* What the task requires: Repeat the data as given. Images do not go in the copy.

* Available data:
----------
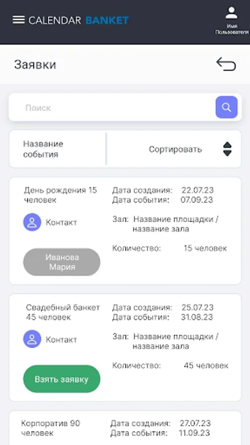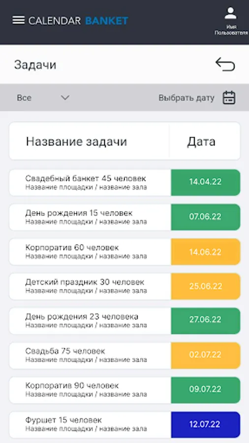 Calendar Banket - Your assistant in the management of the banquet area. Service allows you to forget about lost customers!
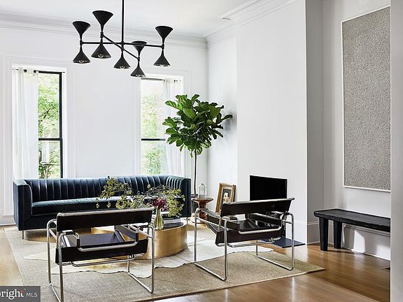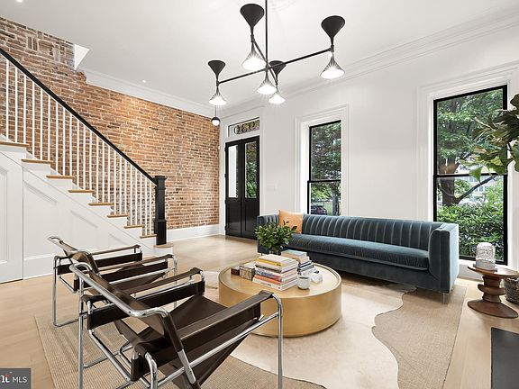 Truly stunning residence on charming block near Logan Circle. Impeccably renovated down to the brick, this breathtaking home features 3 bedrooms 2.5 baths plus a lower level Jr 1 BR 1BA income unit. As you enter you will be welcomed by an open floor plan featuring gorgeous hardwood floors throughout and soaring ceilings. The first floor expansive space is filled with light and allows for a formal sitting area around a gorgeous fireplace, and a large dining area with separate wine cellar - a dream layout for hosting unforgettable gatherings. Additionally, the entire house has been wired with Sonos speakers equipped with smart switches seamless connectivity and modern conveniences. Beyond the dining area is a bright open kitchen with a huge island with plenty of seating, featuring Thermador appliances, paneled refrigerator complimented by custom cabinets, and marble counters. The kitchen opens to an additional living space perfect for casual seating and watching TV. The main level also features a convenient powder room and additional hidden storage under the stairs . The rear living room is flooded with light from the wall of windows and French doors that open to a large stone patio with lush mature landscaping offering a serene outdoor retreat. Upstairs you will find a spacious primary suite with a large walk-in closets. There is also a gorgeous ensuite bath with a tub and a large shower complemented by real marble tile throughout, a double vanity, and separate water closet. There are two additional bedrooms and another full bathroom for guests on the second level. An additional highlight to this awe-inspiring home is the expansive private roof deck, providing beautiful city views. Complete with a convenient wet bar, this outdoor space is perfect for entertaining or enjoying a quiet evening under the stars. The separately metered lower level Jr 1 bedroom unit features high ceilings, a generous living room, open kitchen, and washer/dryer, providing additional income potential. Perfectly situated between Logan Circle and Shaw this stunning home is just steps from the 14th Street corridor shops and restaurant, and two metro stops less than 3 blocks away. No need for a car with a Walkscore of 96!
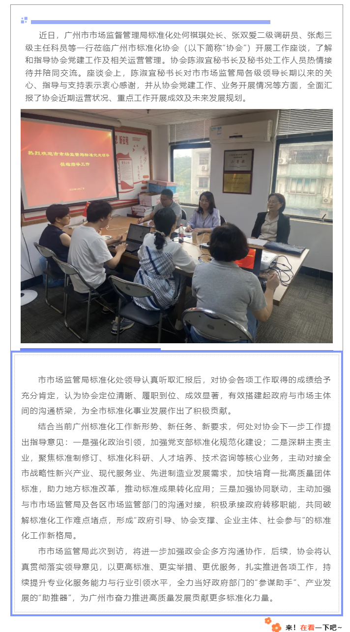 市市场监管局标准化处领导到广州市标准化协会开展业务指导工作
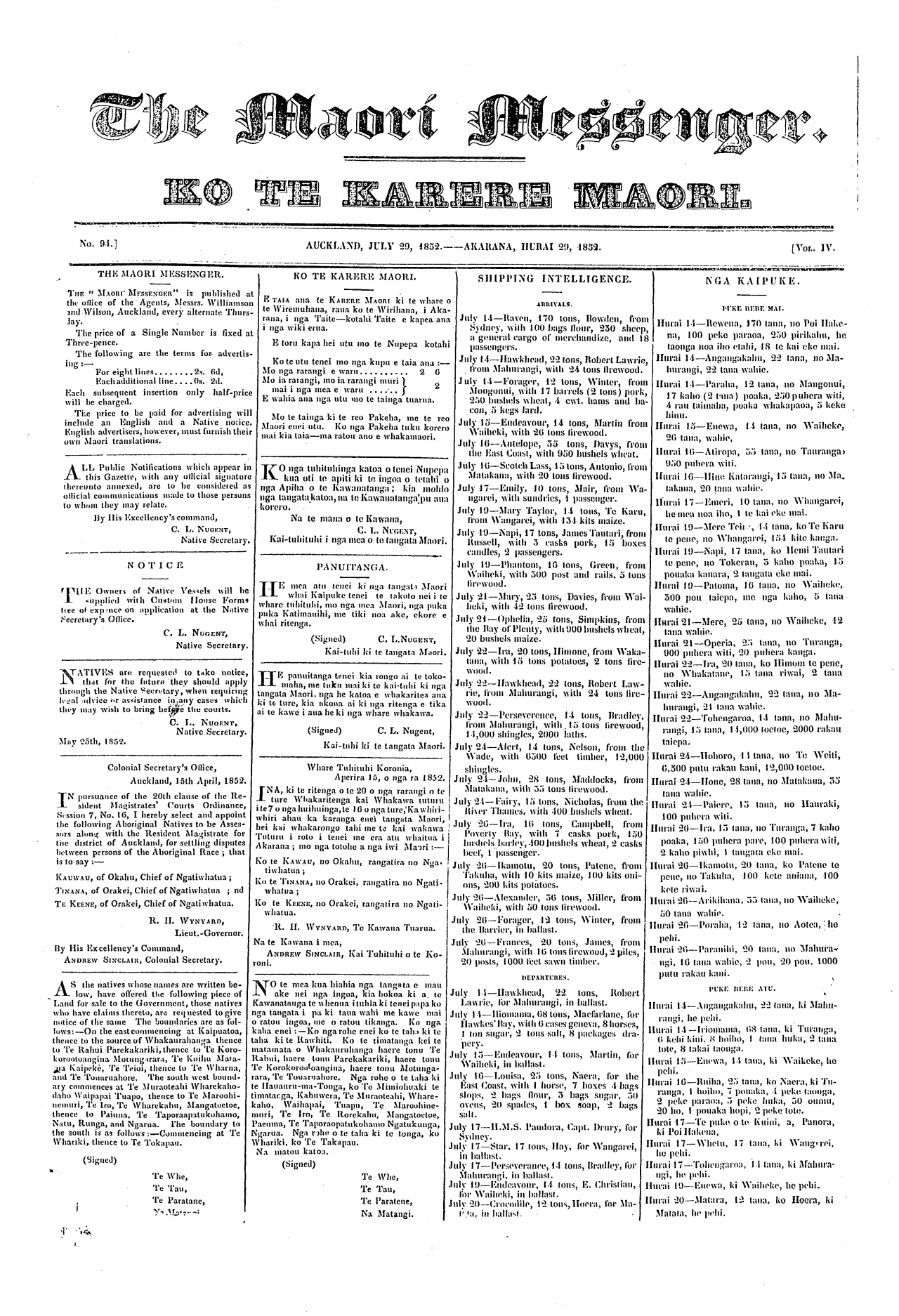 The Maori Messenger - Ko te Karere Maori 1849-1854: Volume 4, Number 94. 29 July 1852
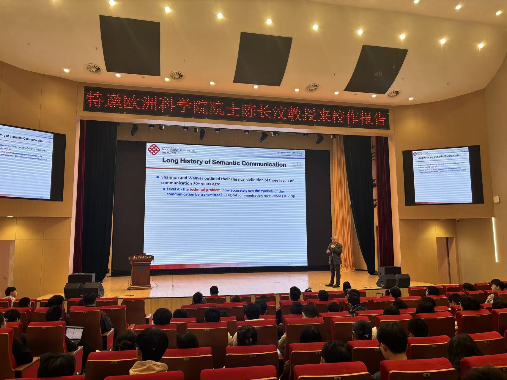 11月7日上午,欧洲科学院院士、IEEE Fellow、SPIE Fellow、香港理工大学视觉计算讲座教授陈长汶应邀来校,在临江楼D区报告厅为电子信息工程学院师生带来了一场题为《从当代视觉计算视角探索6G语义通信》的高水平学术报告。报告由电子与信息工程学院副院长刘光杰教授主持,200余名教师、研究生及本科生参加讲座。
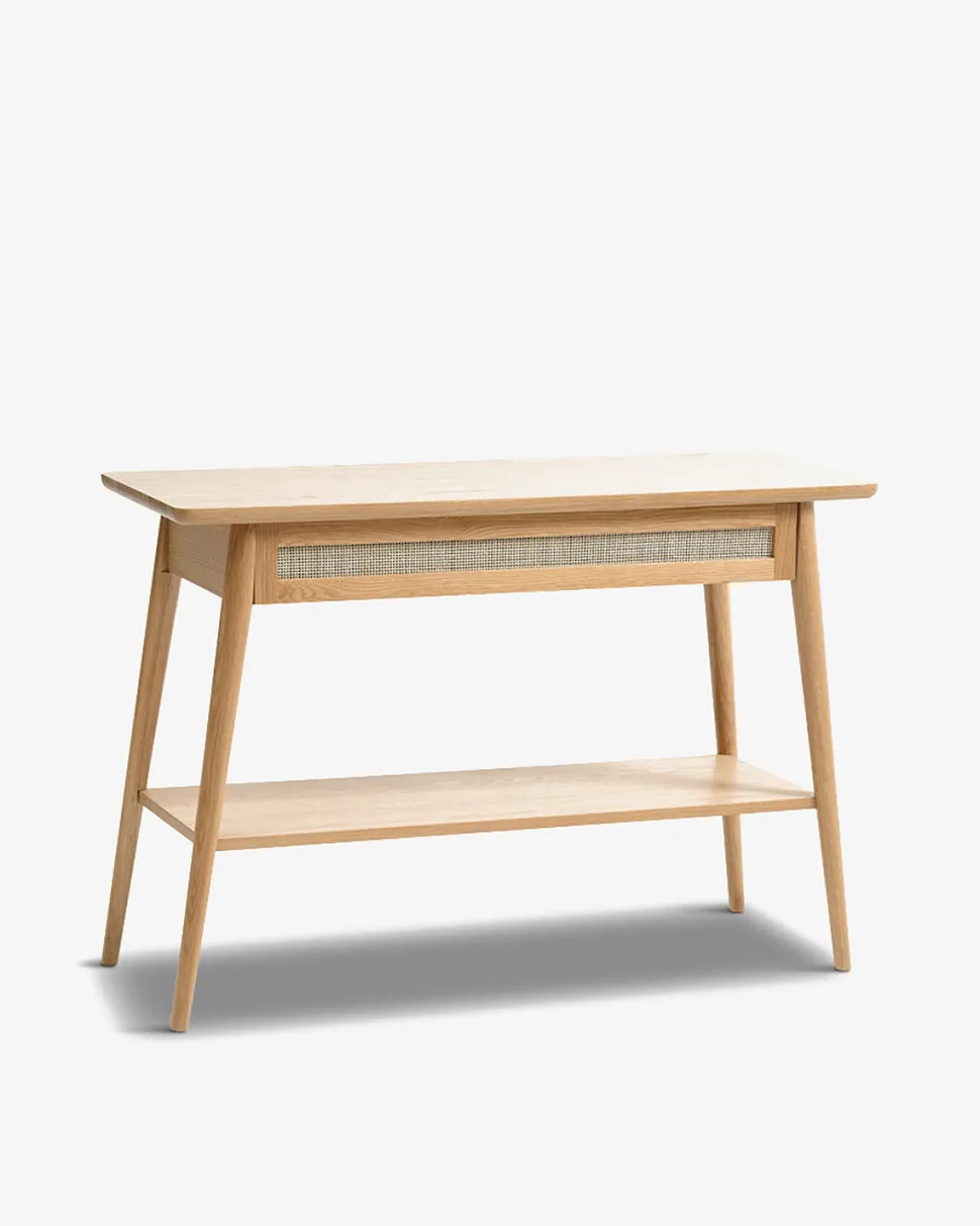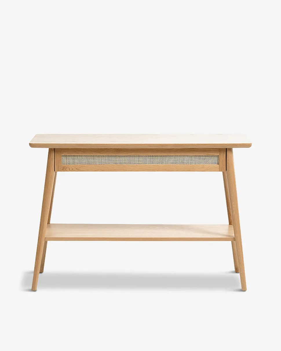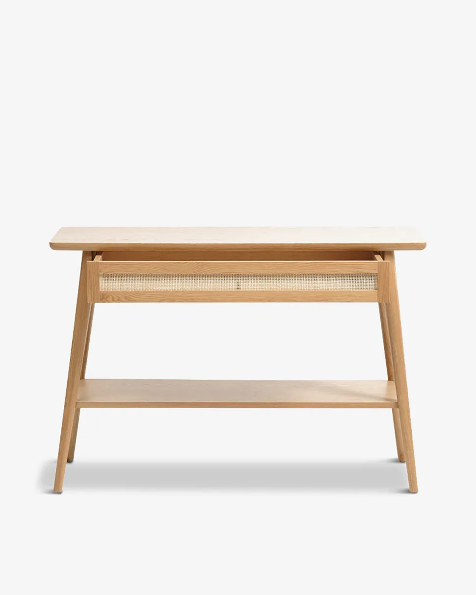 Konsolbordet har en bred skuffe, med front i lys flet, perfekt til nøgler og andet hvis bordet bruges i entréen.
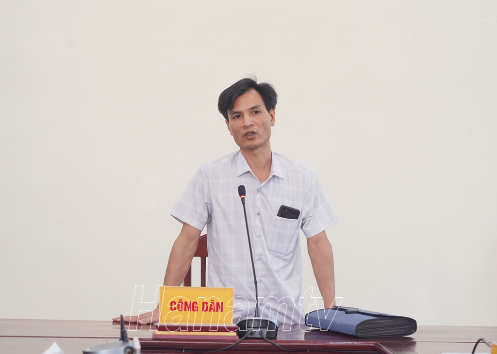 Công dân Lại Văn Lăng (trú tại Thôn 4, xã Liêm Chung, thành phố Phủ Lý) trình bày kiến nghị tại hội nghị tiếp công dân.
----------
* Exercise response:
 Calendar Banket - Your assistant in the management of the banquet area. Service allows you to forget about lost customers!
 Truly stunning residence on charming block near Logan Circle. Impeccably renovated down to the brick, this breathtaking home features 3 bedrooms 2.5 baths plus a lower level Jr 1 BR 1BA income unit. As you enter you will be welcomed by an open floor plan featuring gorgeous hardwood floors throughout and soaring ceilings. The first floor expansive space is filled with light and allows for a formal sitting area around a gorgeous fireplace, and a large dining area with separate wine cellar - a dream layout for hosting unforgettable gatherings. Additionally, the entire house has been wired with Sonos speakers equipped with smart switches seamless connectivity and modern conveniences. Beyond the dining area is a bright open kitchen with a huge island with plenty of seating, featuring Thermador appliances, paneled refrigerator complimented by custom cabinets, and marble counters. The kitchen opens to an additional living space perfect for casual seating and watching TV. The main level also features a convenient powder room and additional hidden storage under the stairs . The rear living room is flooded with light from the wall of windows and French doors that open to a large stone patio with lush mature landscaping offering a serene outdoor retreat. Upstairs you will find a spacious primary suite with a large walk-in closets. There is also a gorgeous ensuite bath with a tub and a large shower complemented by real marble tile throughout, a double vanity, and separate water closet. There are two additional bedrooms and another full bathroom for guests on the second level. An additional highlight to this awe-inspiring home is the expansive private roof deck, providing beautiful city views. Complete with a convenient wet bar, this outdoor space is perfect for entertaining or enjoying a quiet evening under the stars. The separately metered lower level Jr 1 bedroom unit features high ceilings, a generous living room, open kitchen, and washer/dryer, providing additional income potential. Perfectly situated between Logan Circle and Shaw this stunning home is just steps from the 14th Street corridor shops and restaurant, and two metro stops less than 3 blocks away. No need for a car with a Walkscore of 96!
 市市场监管局标准化处领导到广州市标准化协会开展业务指导工作
 The Maori Messenger - Ko te Karere Maori 1849-1854: Volume 4, Number 94. 29 July 1852
 11月7日上午,欧洲科学院院士、IEEE Fellow、SPIE Fellow、香港理工大学视觉计算讲座教授陈长汶应邀来校,在临江楼D区报告厅为电子信息工程学院师生带来了一场题为《从当代视觉计算视角探索6G语义通信》的高水平学术报告。报告由电子与信息工程学院副院长刘光杰教授主持,200余名教师、研究生及本科生参加讲座。
 Konsolbordet har en bred skuffe, med front i lys flet, perfekt til nøgler og andet hvis bordet bruges i entréen.
 Công dân Lại Văn Lăng (trú tại Thôn 4, xã Liêm Chung, thành phố Phủ Lý) trình bày kiến nghị tại hội nghị tiếp công dân.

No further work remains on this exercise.